Scrum is a set of values and rules. To demonstrate that Scrum may not be valuable, I'd find places where it doesn't make sense to follow the rules.

In the particular example of deploying a COTS product, yes, you may be able to do the work iteratively and/or incrementally (depending on how you lay it out). But do all of the things associated with Scrum make sense?

Does it make sense to have fixed timeboxes for each increment of work? If you can plan a schedule of known work, can you effectively make equal timeboxes? Or might it be more beneficial to have timeboxes of various lengths for different steps in the process?

Do you need to perform Product Backlog Refinement if your work can be fully scoped out in advance? Perhaps you may discover nuances in your current environment that require plan adjustments, but perhaps not full-blown refinement every iteration, especially if the known work hasn't changed.

Do you need to perform a Sprint Retrospective after each iteration? If you have an overall plan and your plan is holding true after the iteration, does a retrospective add value? Perhaps it would be useful to do it if there were significant deviations from plan to perform a retrospective and perhaps a replanning activity, but perhaps not after every timebox.

If the organization understands that Scrum contains certain rules and not following the rules results in something that is not Scrum, then finding reasons why it doesn't make sense to follow the rules and therefore doesn't make sense to implement Scrum should be a straightforward exercise.

Instead of implementing Scrum, you can look at good practices and use the ones that are valuable. Perhaps something like a Daily Scrum is still useful to have early insight into schedule deviations. Perhaps just-in-time retrospectives and replanning activities would be useful to respond to unexpected events. Perhaps having a dedicated Product Owner makes sense to help ensure that the effort keeps the right focus. But implementing these individual practices is not Scrum.

05:55 pm August 9, 2020

I've found it difficult to hold up the Agile Manifesto or the Scrum Guide and get people to buy-in to what I believe in. Often times, the developers just want to code, the stakeholders just want to get work done, the sponsors just want to avoid sunk-cost and the customer just wants a product that works. They don't care about the underlying business process.

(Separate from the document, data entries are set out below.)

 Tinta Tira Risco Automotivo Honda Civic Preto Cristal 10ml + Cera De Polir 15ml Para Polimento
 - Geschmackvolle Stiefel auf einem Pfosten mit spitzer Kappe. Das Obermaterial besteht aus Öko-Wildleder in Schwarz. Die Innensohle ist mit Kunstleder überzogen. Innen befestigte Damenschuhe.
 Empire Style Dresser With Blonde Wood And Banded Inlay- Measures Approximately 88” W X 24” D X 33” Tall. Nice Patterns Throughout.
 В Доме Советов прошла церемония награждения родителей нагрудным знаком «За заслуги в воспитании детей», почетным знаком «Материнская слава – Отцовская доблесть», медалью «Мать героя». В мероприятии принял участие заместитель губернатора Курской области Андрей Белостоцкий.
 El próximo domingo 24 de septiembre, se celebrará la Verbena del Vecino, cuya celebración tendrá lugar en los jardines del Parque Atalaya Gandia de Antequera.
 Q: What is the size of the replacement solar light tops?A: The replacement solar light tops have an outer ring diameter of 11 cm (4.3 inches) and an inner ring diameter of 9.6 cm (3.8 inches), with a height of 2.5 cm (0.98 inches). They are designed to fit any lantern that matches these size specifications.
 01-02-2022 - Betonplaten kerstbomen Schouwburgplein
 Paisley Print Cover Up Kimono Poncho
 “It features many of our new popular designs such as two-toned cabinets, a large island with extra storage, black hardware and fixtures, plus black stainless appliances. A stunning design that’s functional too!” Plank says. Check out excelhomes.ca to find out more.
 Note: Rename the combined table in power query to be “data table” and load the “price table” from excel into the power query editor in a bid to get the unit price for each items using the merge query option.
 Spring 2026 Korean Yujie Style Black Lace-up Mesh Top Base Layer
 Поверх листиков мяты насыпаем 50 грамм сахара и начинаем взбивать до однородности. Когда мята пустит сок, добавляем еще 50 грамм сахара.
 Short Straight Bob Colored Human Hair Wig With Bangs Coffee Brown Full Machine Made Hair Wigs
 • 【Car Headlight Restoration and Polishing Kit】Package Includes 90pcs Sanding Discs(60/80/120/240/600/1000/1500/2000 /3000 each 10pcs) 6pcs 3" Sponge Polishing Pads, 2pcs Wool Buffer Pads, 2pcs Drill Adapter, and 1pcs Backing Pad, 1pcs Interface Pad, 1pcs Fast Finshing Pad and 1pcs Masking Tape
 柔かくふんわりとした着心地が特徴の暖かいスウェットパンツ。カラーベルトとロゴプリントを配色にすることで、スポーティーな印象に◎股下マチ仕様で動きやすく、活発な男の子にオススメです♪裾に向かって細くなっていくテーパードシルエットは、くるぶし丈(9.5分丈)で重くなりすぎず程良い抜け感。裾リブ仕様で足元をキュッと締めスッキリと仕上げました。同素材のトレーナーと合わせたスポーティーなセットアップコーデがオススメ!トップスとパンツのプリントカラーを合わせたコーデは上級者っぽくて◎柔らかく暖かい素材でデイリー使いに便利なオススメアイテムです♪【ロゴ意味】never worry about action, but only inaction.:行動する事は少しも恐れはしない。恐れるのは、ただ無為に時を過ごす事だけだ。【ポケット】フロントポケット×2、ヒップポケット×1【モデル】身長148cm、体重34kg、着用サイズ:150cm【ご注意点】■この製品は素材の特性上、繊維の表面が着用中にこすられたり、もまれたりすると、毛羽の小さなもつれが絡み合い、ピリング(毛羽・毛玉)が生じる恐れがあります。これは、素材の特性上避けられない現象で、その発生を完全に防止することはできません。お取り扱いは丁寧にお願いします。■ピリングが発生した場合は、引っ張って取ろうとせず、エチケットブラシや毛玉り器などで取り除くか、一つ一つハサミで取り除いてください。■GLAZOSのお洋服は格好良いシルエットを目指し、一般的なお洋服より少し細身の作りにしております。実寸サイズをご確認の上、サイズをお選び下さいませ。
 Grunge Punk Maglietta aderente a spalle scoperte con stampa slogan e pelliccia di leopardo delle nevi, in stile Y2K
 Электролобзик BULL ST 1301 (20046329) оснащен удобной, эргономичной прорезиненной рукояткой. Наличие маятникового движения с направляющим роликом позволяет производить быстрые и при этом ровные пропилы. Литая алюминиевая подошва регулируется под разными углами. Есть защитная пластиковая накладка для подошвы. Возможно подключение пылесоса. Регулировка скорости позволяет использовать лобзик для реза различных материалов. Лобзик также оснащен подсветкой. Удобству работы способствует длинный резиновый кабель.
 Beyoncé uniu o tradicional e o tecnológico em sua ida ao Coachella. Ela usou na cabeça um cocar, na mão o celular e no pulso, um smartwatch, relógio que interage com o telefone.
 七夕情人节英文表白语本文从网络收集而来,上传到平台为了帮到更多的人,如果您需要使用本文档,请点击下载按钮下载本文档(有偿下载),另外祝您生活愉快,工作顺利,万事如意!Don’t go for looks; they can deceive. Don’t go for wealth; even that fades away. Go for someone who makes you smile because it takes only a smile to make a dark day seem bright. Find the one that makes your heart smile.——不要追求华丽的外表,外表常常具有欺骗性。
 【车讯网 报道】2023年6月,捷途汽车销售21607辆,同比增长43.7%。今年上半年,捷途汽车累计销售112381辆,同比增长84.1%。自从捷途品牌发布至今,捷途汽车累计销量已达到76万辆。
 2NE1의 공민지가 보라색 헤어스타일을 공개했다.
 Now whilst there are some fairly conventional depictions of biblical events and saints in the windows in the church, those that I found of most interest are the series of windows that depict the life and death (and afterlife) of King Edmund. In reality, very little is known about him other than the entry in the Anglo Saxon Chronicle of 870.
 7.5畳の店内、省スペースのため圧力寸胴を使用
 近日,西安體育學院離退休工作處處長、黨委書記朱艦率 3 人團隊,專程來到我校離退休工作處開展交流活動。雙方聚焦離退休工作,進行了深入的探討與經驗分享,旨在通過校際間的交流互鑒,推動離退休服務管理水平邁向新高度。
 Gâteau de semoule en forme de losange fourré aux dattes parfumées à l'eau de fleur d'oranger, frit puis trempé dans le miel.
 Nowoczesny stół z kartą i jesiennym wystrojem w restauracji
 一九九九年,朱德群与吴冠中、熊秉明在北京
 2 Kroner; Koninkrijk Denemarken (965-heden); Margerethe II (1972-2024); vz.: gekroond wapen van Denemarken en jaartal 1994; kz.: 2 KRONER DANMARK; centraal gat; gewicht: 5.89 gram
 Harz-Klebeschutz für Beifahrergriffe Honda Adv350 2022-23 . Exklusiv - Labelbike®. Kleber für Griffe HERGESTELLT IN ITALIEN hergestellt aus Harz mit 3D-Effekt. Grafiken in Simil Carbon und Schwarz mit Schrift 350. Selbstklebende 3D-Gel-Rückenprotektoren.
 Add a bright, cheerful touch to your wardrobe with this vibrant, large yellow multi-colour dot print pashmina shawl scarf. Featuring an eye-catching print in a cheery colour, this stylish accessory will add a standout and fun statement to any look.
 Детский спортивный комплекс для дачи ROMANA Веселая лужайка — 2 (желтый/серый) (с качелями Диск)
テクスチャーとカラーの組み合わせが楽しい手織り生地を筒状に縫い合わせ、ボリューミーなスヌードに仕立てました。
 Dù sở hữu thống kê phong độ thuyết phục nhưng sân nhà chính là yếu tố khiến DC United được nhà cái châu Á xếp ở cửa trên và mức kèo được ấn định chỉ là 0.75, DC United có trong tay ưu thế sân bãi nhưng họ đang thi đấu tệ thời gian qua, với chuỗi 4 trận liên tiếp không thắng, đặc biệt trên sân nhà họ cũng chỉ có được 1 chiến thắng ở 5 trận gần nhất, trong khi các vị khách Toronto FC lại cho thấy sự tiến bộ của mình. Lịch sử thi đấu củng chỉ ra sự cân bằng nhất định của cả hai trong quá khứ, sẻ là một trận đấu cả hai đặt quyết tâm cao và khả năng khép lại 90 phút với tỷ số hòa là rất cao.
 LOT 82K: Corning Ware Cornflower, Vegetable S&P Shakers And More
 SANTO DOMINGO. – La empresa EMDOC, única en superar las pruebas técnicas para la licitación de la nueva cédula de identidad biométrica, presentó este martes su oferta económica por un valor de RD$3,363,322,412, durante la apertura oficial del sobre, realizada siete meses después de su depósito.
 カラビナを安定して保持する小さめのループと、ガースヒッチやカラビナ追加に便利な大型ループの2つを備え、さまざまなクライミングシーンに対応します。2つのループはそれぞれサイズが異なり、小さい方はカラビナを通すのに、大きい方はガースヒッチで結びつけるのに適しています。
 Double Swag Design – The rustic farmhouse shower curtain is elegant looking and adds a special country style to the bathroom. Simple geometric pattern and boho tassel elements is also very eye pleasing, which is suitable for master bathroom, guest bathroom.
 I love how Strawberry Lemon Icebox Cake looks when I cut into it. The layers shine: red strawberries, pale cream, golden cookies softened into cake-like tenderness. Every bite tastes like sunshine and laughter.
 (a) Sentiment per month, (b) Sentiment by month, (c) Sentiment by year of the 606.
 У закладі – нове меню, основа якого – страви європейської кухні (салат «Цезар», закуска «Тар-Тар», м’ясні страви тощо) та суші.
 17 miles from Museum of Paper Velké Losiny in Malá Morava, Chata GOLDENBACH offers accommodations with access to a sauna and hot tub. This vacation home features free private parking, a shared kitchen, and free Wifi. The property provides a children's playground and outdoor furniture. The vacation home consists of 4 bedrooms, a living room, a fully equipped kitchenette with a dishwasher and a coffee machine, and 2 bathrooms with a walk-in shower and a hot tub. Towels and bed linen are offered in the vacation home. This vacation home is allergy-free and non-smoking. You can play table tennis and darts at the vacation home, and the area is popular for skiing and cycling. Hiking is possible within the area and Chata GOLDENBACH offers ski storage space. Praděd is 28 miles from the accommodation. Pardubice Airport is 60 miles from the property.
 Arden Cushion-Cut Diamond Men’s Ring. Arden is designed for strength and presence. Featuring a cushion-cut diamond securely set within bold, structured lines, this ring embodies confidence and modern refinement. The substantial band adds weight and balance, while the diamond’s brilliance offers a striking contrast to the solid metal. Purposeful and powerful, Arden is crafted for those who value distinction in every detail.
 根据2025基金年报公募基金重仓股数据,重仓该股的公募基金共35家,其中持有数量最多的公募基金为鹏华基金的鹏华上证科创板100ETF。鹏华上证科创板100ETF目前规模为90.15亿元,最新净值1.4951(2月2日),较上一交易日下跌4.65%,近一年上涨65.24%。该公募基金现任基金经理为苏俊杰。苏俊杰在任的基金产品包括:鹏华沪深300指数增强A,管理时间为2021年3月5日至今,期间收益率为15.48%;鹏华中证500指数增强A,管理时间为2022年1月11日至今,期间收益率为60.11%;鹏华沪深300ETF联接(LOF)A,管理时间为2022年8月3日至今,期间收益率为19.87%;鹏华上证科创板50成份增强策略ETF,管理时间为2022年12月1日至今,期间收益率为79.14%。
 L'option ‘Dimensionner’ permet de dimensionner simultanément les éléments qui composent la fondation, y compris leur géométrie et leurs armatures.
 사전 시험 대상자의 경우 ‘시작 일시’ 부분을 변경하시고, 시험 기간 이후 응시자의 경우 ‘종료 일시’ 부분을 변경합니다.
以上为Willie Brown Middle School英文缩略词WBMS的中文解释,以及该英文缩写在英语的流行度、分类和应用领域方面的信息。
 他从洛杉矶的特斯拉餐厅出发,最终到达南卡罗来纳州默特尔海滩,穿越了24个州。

Gradually, I've shifted from making the process (Scrum, Kanban, etc.) work for everybody, to making the best product that is developed using a good, common-sense approach. For instance, if two developers need to discuss something for the day, I don't see the value in having eight or more developers stand or sit around for 15-30 minutes and listen. I take a pragmatic approach with Agile. After all, I'm not selling Agile to customers. I'm selling a product that makes the customer happy, makes business profitable and keeps me employed.